Jeff Trimworx Inc. said:


> Currently have an sg3 on my graco. We finish all our crown, base, wainscoting, and coffered ceilings on our own. We're not the finish carpenter trying to paint, we paint with fine finish X tips and provide a professional finish. Anyways I was curious as to if their is a gun more suitable for more fine finish as that is what we primarily spray. I can get the sg3 to lay out completely and give that high gloss glass finish, just didn't know if their was a better way. Thanks. Check my website if your curious. www.trimworxinc.com
> :clap::thumbsup:



Unless you're getting spits etc. or your hands are uncomfortable, then how flat it lays out is all about the pressure, tip and technique.

I can make a garbage gun lay paint beautifully if it doesn't spit. That being said, the Graco Contractor guns are the ones I typically find most comfortable, and re-build easily once it starts to plug up.
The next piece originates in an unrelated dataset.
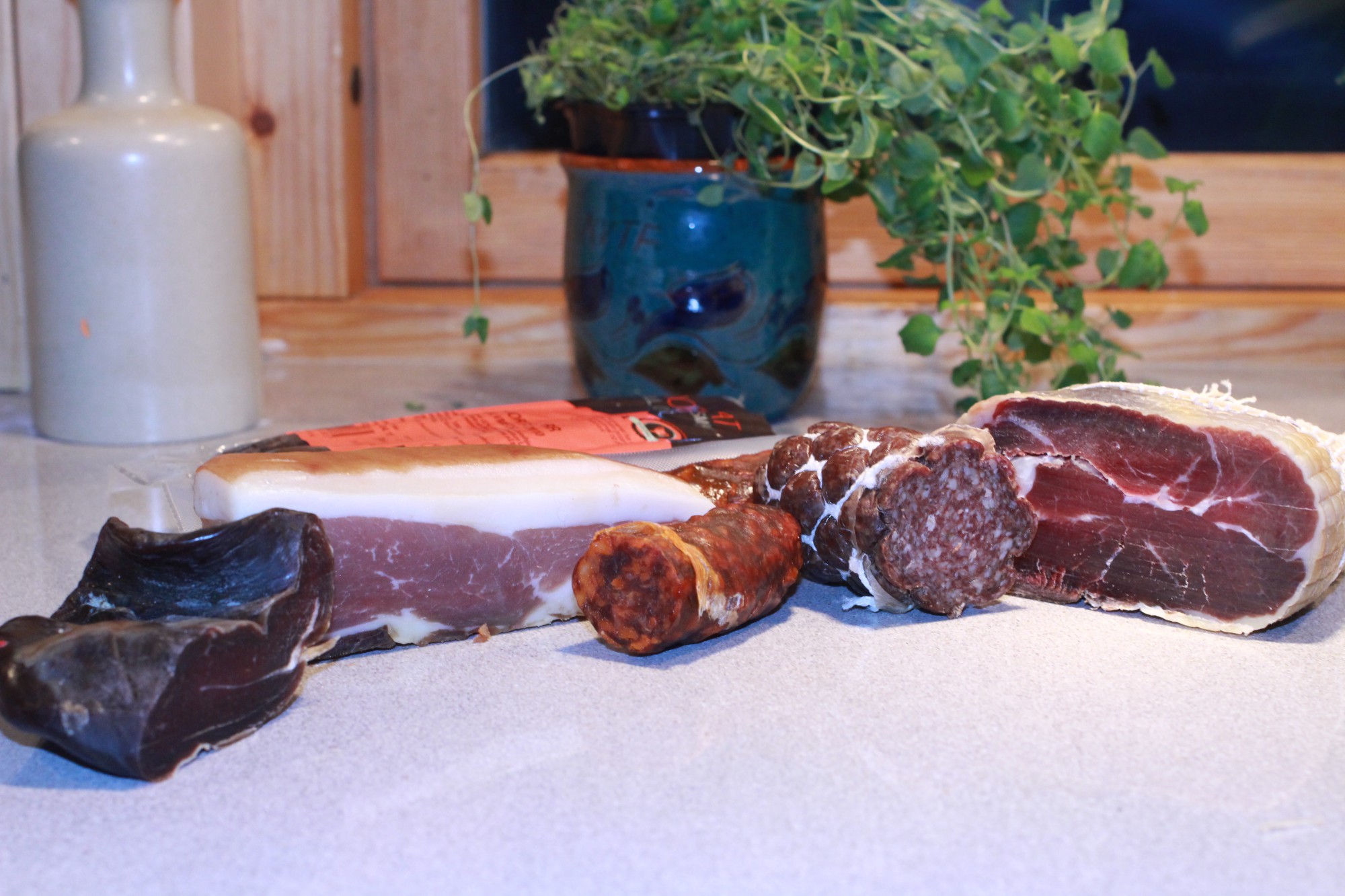 Hadde en liten rest utmerket rakfisk fra Tydalfisk liggende etter jul, men ikke nok til en fullverdig middag. Da er det greit å supplere med spekemat, som jeg alltid har i huset. Vi har en førsteklasses produsent i Rennebu: Hognamat, som jeg gjerne slår et slag for!Du finner produktene fra Hognamat på Bondens marked og i flere dagligvarebutikker – og selvsagt på Rennebumartnan. På bildet over ser du lageret som jeg denne dagen hadde i kjøleskapet: Utbeinet fenalår er gullmedaljebelønnet, spekeskinka er på samme nivå, så er det mange spennende pølser – også med medaljer, her biffchorizo med chili, hjortemorr, fårepølse med rips og viltpølse med einebær.

Otherwise you're going with an air assisted set-up, which I don't find necessary for trim.


----------



## Lazerline (Mar 26, 2012)

I have both a Contractor FTx and an SG3 that I use and I like both but honestly my personal preference on the fine finish stuff like cabinets and such I usually use the SG3 just because it feels smaller and a bit more nimble for me. What can I say I have Dainty wrist.:blush:


----------



## slinger58 (Feb 11, 2013)

I believe in the old saying, "If it ain't broke, don't fix it". :thumbsup:


----------



## Epoxy Pro (Oct 7, 2012)

I have a couple SG3's and I like them. We are buying new guns and hoses this spring, the SG3's are fine so I may just get couple more of them. We have 6 spare guns that need rebuilding but the rebuild kits are almost as much as a new gun is.


----------



## PatsPainting (Mar 4, 2010)

My favorite is the sliver plus guns. They don't have inline filters in them but you can add them to the tip part really easy. Nice guns

Pat


----------



## Damon T (Nov 22, 2008)

The premium Titan gun is really nice. Don't know the name.


----------



## ReNt A PaInTeR (Dec 28, 2008)

Damon T said:


> The premium Titan gun is really nice. Don't know the name.


:notworthy:


----------



## elvinpe (Apr 21, 2021)

Jeff Trimworx Inc. said:


> Currently have an sg3 on my graco. We finish all our crown, base, wainscoting, and coffered ceilings on our own. We're not the finish carpenter trying to paint, we paint with fine finish X tips and provide a professional finish. Anyways I was curious as to if their is a gun more suitable for more fine finish as that is what we primarily spray. I can get the sg3 to lay out completely and give that high gloss glass finish, just didn't know if their was a better way. Thanks. Check my website if your curious. www.trimworxinc.com
> 👏👍


Graco Contractor is a hell of a Ratrod! Adjustable 2-4 finger trigger. Easily repacks. Generally as simple to clean as any. I LOVE mine!


----------